EXERCISE PROMPT = After dropping the pictures, give again exactly the lines of the data from its first line through the line with "Ganges | ||||", which is included as well.

PROVIDED INFORMATION =
^^^^^^^^
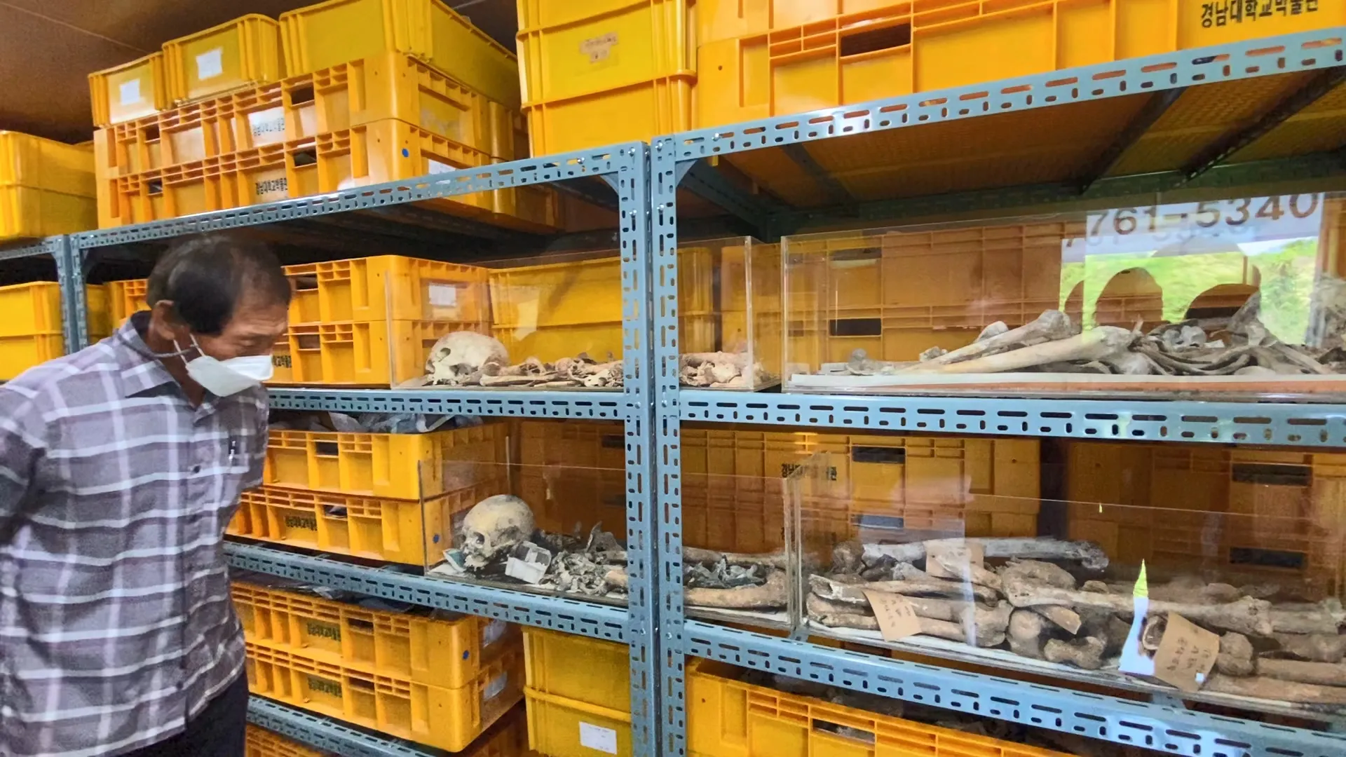 컨테이너 안에 안치된 유해. 마산 진전면 여양리에서 학살당한 진주형무소 재소자와 진주지역 국민보도연맹원의 유해다.
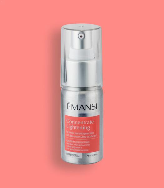 После процедуры очищения кожи лица утром нанесите небольшое количество концентрата на пигментные пятна или на все лицо по массажным линиям. После нанесения концентрата необходимо применять средства для макияжа с SPF или Мягкую эмульсию для кожи лица. Защита от солнечных лучей А и В. SPF 30. Emansi+AРh System
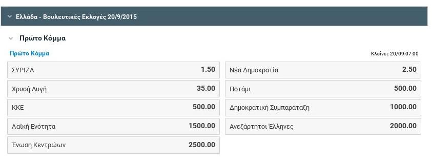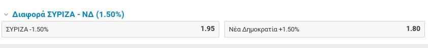 Με 1.50 απόδοση δίνει πρωτιά στον ΣΥΡΙΖΑ η εταιρεία Stoiximan, ενώ δίνει απόδοση 2.50 στην νίκη της ΝΔ.
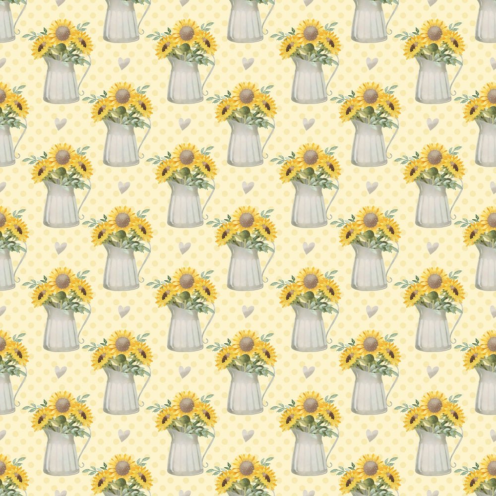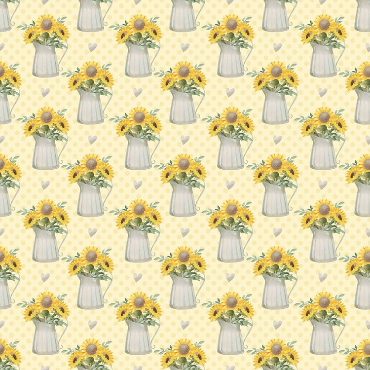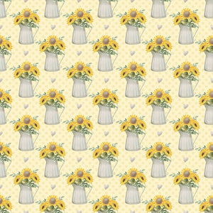 The Yellow Farmhouse Sunflowers in Watering Can Fabric is part of the Farmhouse Sunflowers Fabric Collection printed by Sew Creative Fabrics. Digitally Printed on 100% cotton.
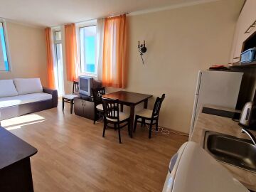 Апартаментът е разположен на трети етаж, с югоизточно изложение, с площ 67,28 кв.м. и следното разпределение – входно антре, всекидневна с кухненски бокс и зона за хранене, просторна спалня, баня с тоалетна и вана, голяма панорамна тераса с красива гледка към морето и плажната ивица.
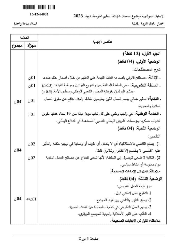 مادة التربية المدنية
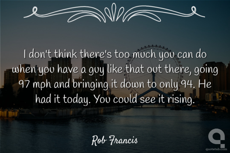 I don't think there's too much you can do when you have a guy like that out there, going 97 mph and bringing it down to only 94. He had it today. You could see it rising.
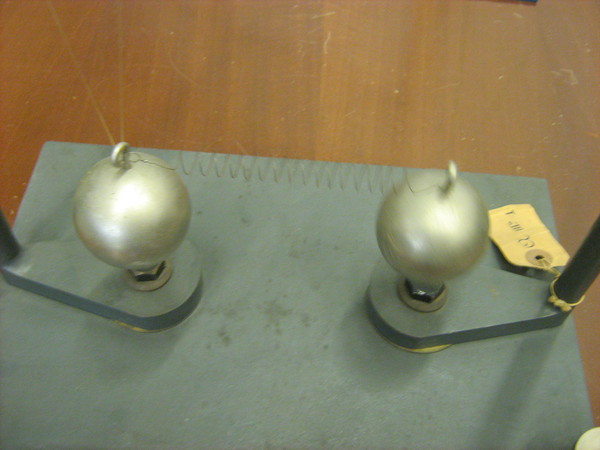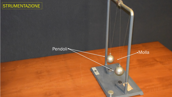 Due pendoli di uguale massa e lunghezza sono collegati tra loro tramite una molla. Il primo pendolo viene messo in oscillazione e si osserva cosa succede.
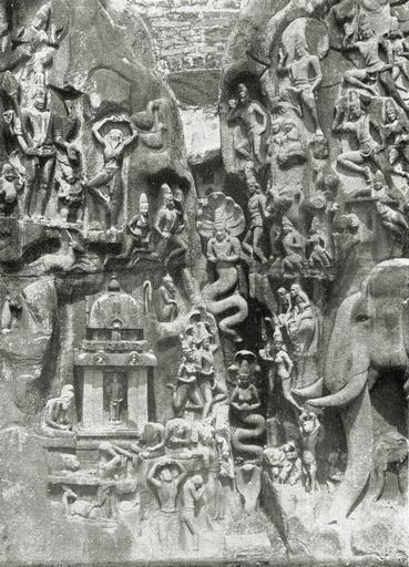 | Keywords: Ganga Mahabalipuram.jpg en Relief of the Descend of the Ganga in Mahabalipuram also Mamallapuram India; the complete relief measures 9 x 27 m de Relief Herabkunft der Ganga in Mahabalipuram auch Mamallapuram Indien ; das gesamte Relief misst 9 x 27 m fr Bas-relief de la Descente du Gange à Mahâballipuram appelée aussi Mamallapuram Inde; Le bas-relief mesure 9 x 27 m dans sa totalité ---- from Indische Kunst Berlin 1925 ---- PD-old Descent of the Ganges | ||||
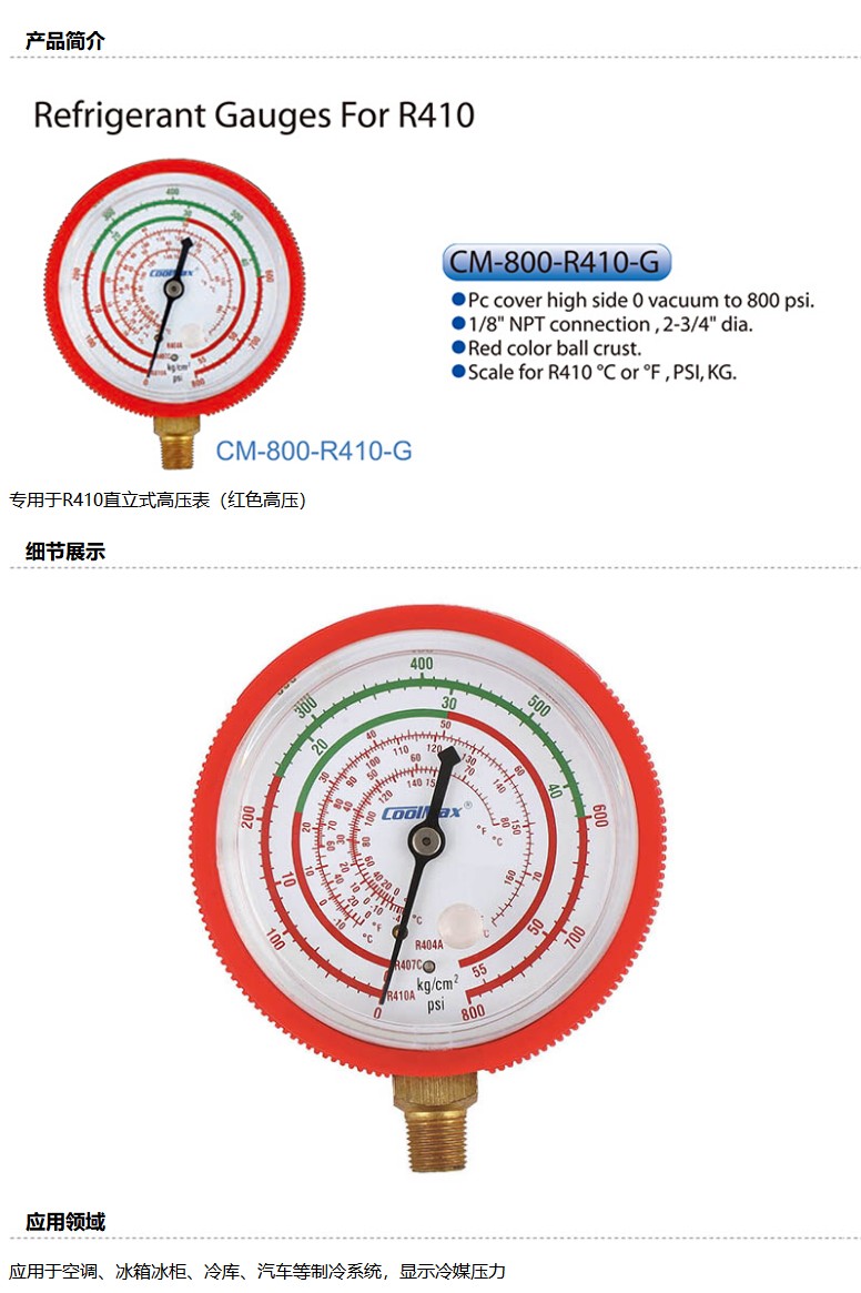 商品名称:格美 直立式高压表,CM-800-R410-G,R410
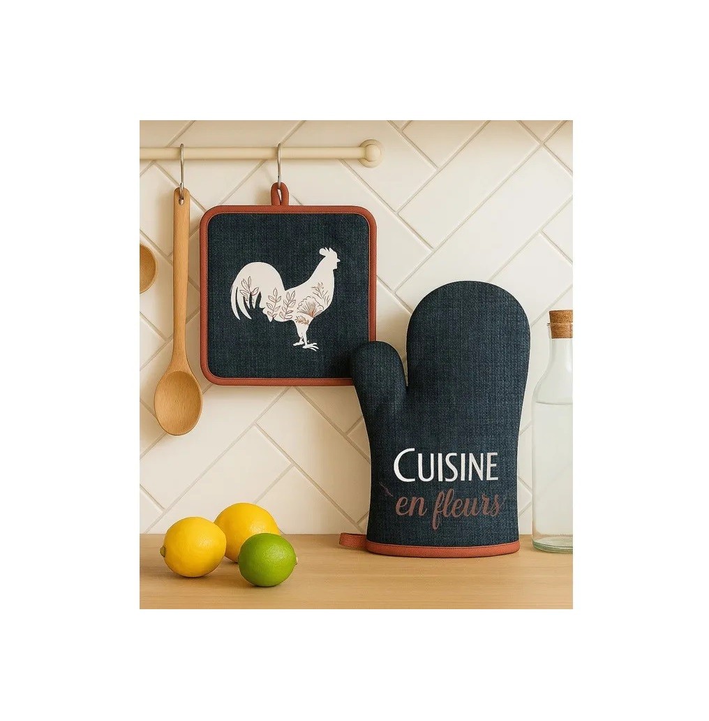 Gant et manique de cuisine Coq et fleurs
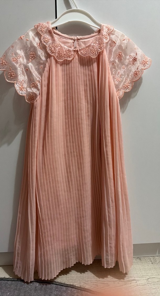 Pembe pastel renkte, yüksek yakalı, kısa nakışlı kollu ve piliseli detaylı, bol kesim kız elbisesi. Modern klasik tarzda tasarlanmıştır. Koton marka 7 yaş
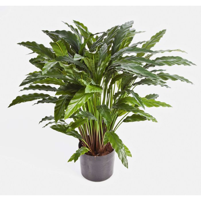 Künstliche Korbmarante BAHATI hat 125 naturgetreuen Blättern. Die Calathea Pflanze ist ca. 85 cm hoch inklusive Zementtopf, dieser ermöglicht es Ihnen die Pflanze sicher und einfach in einem übertopf oder Arrangement Gefäß zu befestigen.
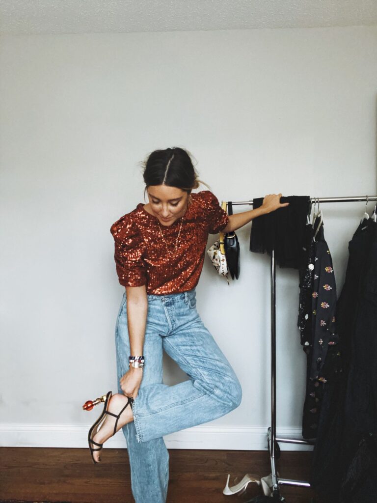 I love the wide leg denim, sequins top and unique pumps for a fun party style.
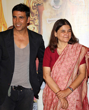Bharatiya Janata Party leader and animal rights activist Maneka Gandhi Monday unveiled the trailer of Akshay Kumar starrer "It's Entertainment".
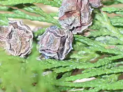 Beim Wacholder (Juniperus) werden einige Schuppen fleischig und es entsteht ein Beerenzapfen. Die Samenverbreitung erfolgt durch Vögel, die diese Früchte fressen und die Samen wieder ausscheiden.
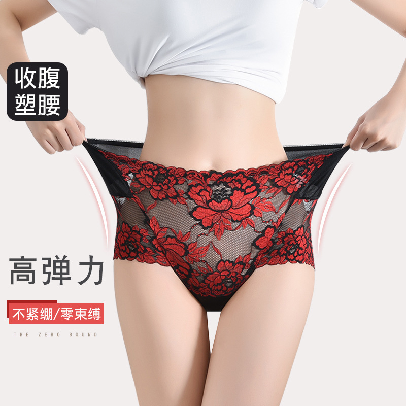 高弹力高腰女士收腹内裤 新款性感蕾丝网纱情趣全棉裆三角裤
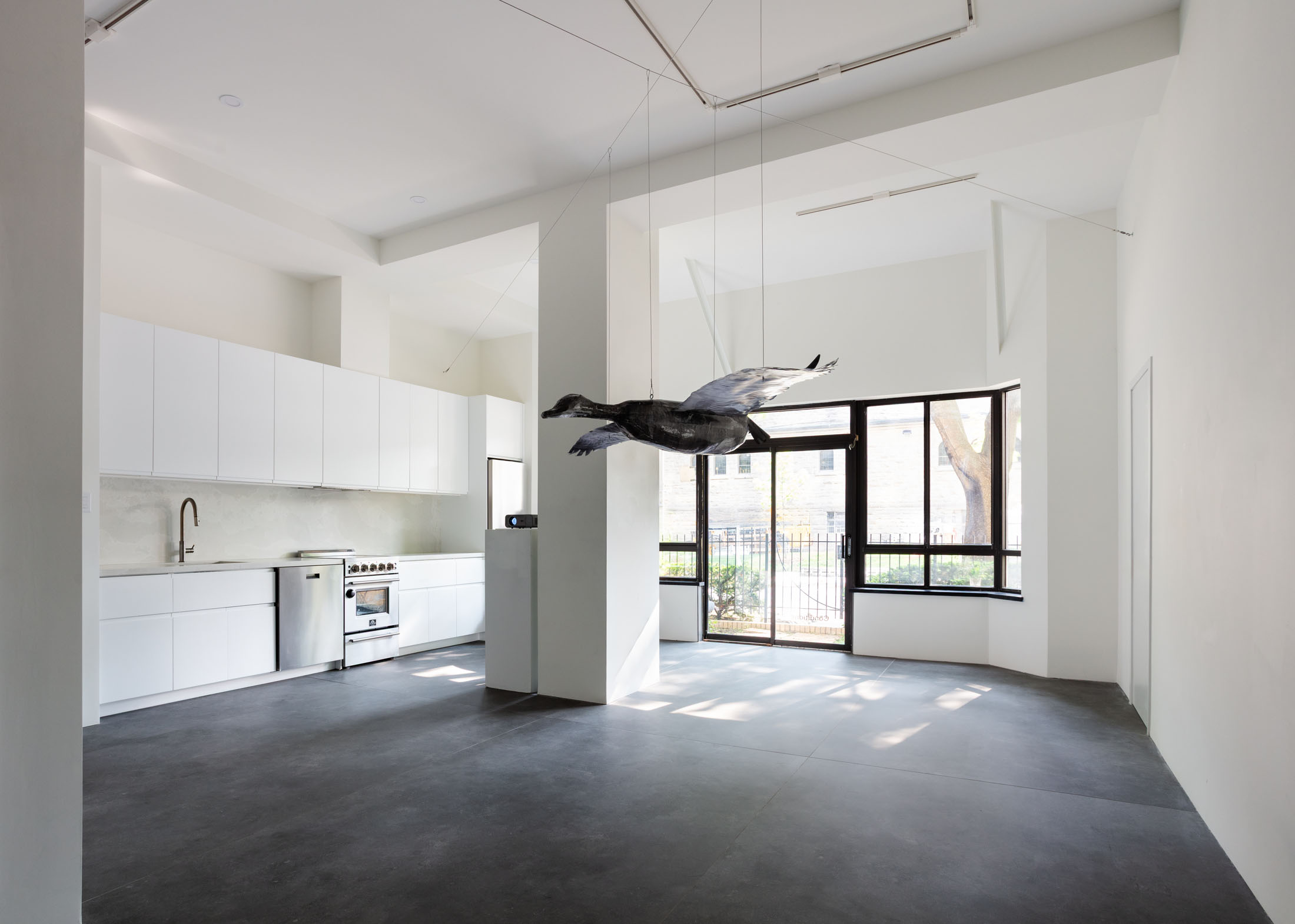 The EPS was salvaged from a shipping depot at Toronto Pearson International Airport. Malls and airports: circulation of people and stuff. Eaton Centre is connected to the subway too. The goose is suspended from a horizontal cross-formation of aircraft cable, modeled onFlight Stop’s rigging system, with vertical aircraft cables connected to the body and wings that allow for little shifts in position. It flies south, catching up to Snow’s geese who are about one mile south east of the gallery and oriented toward the southern border—the U.S.—where the “snow bird” is under threat. Since the “51st state” and tariff fiasco began, our shared border, which typically represented geographic and commercial camaraderie, free trade, and open tourism, now evokes toxic nationalism, destabilized economic interdependence, invasion anxiety, and geopolitical clusterfuckery.
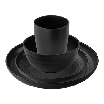 EcoFriendly 16 parça yemek seti buğday samanı kırılmaz siyah tabaklar kase ve bardak ev ve dış mekan kullanımı için
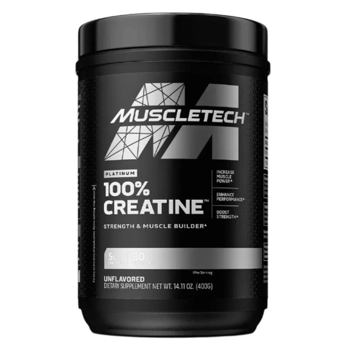 کراتین مونوهیدرات پلاتینیوم ماسل تک (MuscleTech Platinum 100% Creatine) بهبود کلی عملکرد شما را به ارمغان میآورد. کراتین کراپیور ماسل تک پلاتینیوم 400 گرمی با استفاده از کراتین مونوهیدرات خالص، جذب سریع و اثربخشی بالایی دارد و برای ورزشکارانی که به دنبال بهبود عملکرد ورزشی و رشد عضلات هستند، انتخابی ایدهآل محسوب میشود. مزیت اصلی مصرف مکملهای قبل از تمرین این است که به شما احساس انرژی بیشتری برای انجام جلسات تمرینی شدید میدهند. از سوی دیگر، مصرف مکملهای بعد از تمرین به بدن کمک میکند تا زودتر از خستگی عضلانی خلاص شود. بنابراین، مکمل کراتین MuscleTech هر دو این مزایا را با هم ترکیب میکند و عملکرد شما را به سطح بسیار بالاتری میبرد. مکمل کراتین پلاتینیوم ماسل تچ، باعث افزایش اندازه و قدرت عضلات میشود و ریکاوری را بهبود میبخشد. HPLC کراتین میکرونیزه را آزمایش کرده و ثابت شده است که این مکمل فاقد فیلر و قند اضافه شده است. هر پیمانه حاوی 5 گرم کراتین مونوهیدرات است.
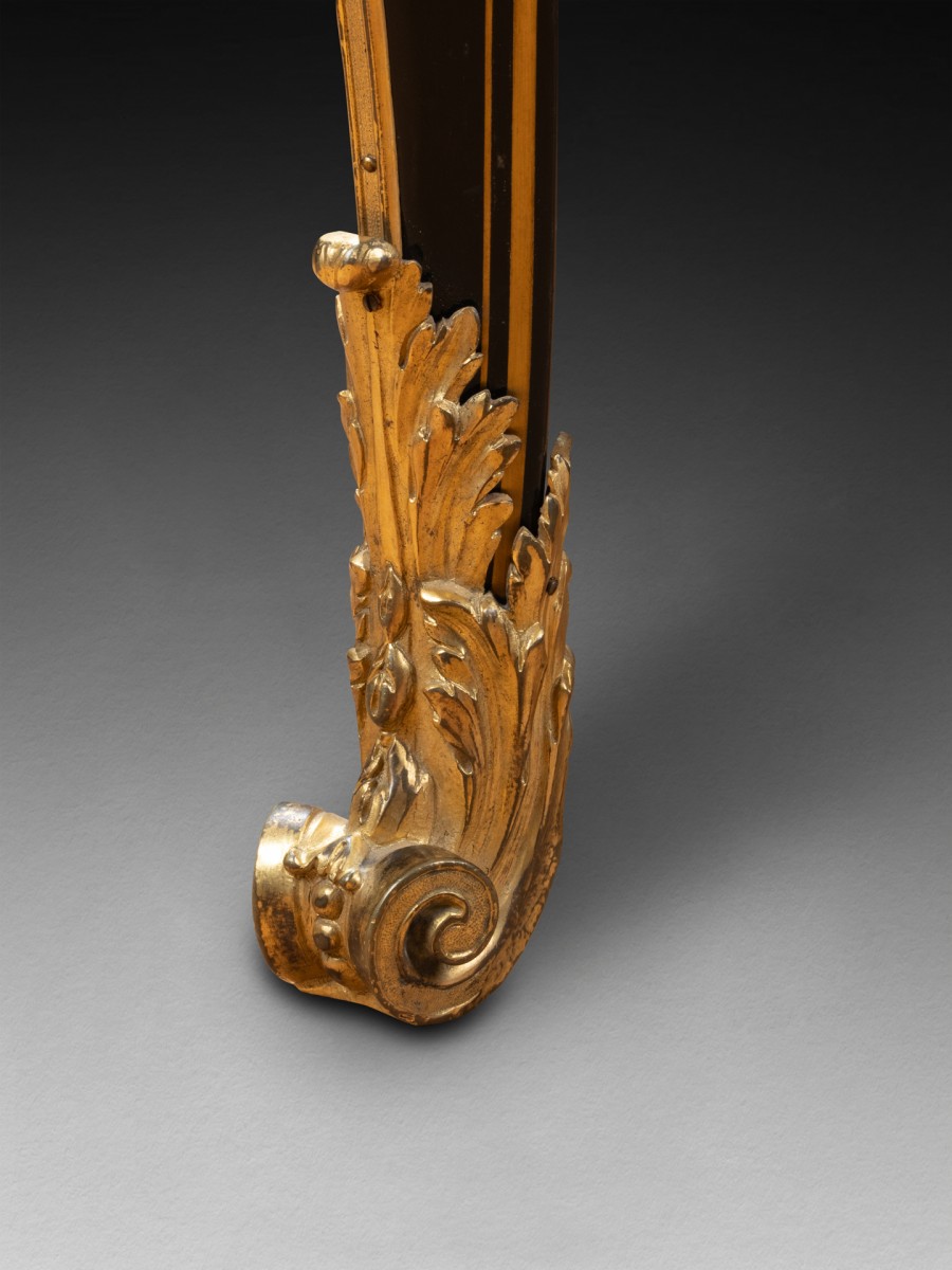Chaque tiroir présente un encadrement en bronze à frises végétales ; les tiroirs latéraux avec des poignées tombantes à tores de lauriers ; rosaces d’acanthes et entrées de serrures à mufles de lions ; le tiroir central avec une importante palmette ajourée qui fait office d’entrée de serrure.
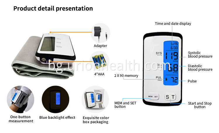 · ☑ Работа с едно докосване: Машината за кръвно налягане е напълно автоматична, просто трябва да натиснете един бутон „Старт“, за да измервате кръвното си налягане и сърдечната честота. Целият процес просто се нуждае от 1 минута.
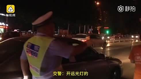 不知道错了 司机开远光灯被罚怼交警
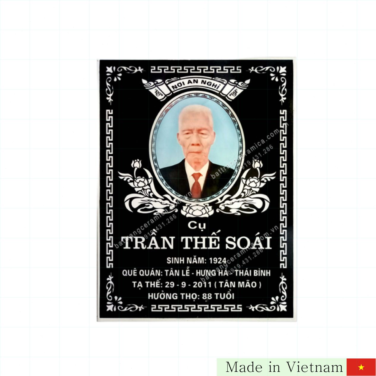 이 30 x 40cm 크기의 고품질 도자기 묘비는 정교한 세라믹 소재로 제작되었으며, 전통적인 바트쨍(Bát Tràng) 도자기의 명성을 그대로 담았습니다. 고온 1200도에서 정성스럽게 구워내어 견고하고 내구성이 뛰어나, 오랜 세월 변색이나 손상 걱정 없이 사용할 수 있습니다.
^^^^^^^^
ANSWER SECTION =
 컨테이너 안에 안치된 유해. 마산 진전면 여양리에서 학살당한 진주형무소 재소자와 진주지역 국민보도연맹원의 유해다.
 После процедуры очищения кожи лица утром нанесите небольшое количество концентрата на пигментные пятна или на все лицо по массажным линиям. После нанесения концентрата необходимо применять средства для макияжа с SPF или Мягкую эмульсию для кожи лица. Защита от солнечных лучей А и В. SPF 30. Emansi+AРh System
 Με 1.50 απόδοση δίνει πρωτιά στον ΣΥΡΙΖΑ η εταιρεία Stoiximan, ενώ δίνει απόδοση 2.50 στην νίκη της ΝΔ.
 The Yellow Farmhouse Sunflowers in Watering Can Fabric is part of the Farmhouse Sunflowers Fabric Collection printed by Sew Creative Fabrics. Digitally Printed on 100% cotton.
 Апартаментът е разположен на трети етаж, с югоизточно изложение, с площ 67,28 кв.м. и следното разпределение – входно антре, всекидневна с кухненски бокс и зона за хранене, просторна спалня, баня с тоалетна и вана, голяма панорамна тераса с красива гледка към морето и плажната ивица.
 مادة التربية المدنية
 I don't think there's too much you can do when you have a guy like that out there, going 97 mph and bringing it down to only 94. He had it today. You could see it rising.
 Due pendoli di uguale massa e lunghezza sono collegati tra loro tramite una molla. Il primo pendolo viene messo in oscillazione e si osserva cosa succede.
 | Keywords: Ganga Mahabalipuram.jpg en Relief of the Descend of the Ganga in Mahabalipuram also Mamallapuram India; the complete relief measures 9 x 27 m de Relief Herabkunft der Ganga in Mahabalipuram auch Mamallapuram Indien ; das gesamte Relief misst 9 x 27 m fr Bas-relief de la Descente du Gange à Mahâballipuram appelée aussi Mamallapuram Inde; Le bas-relief mesure 9 x 27 m dans sa totalité ---- from Indische Kunst Berlin 1925 ---- PD-old Descent of the Ganges | ||||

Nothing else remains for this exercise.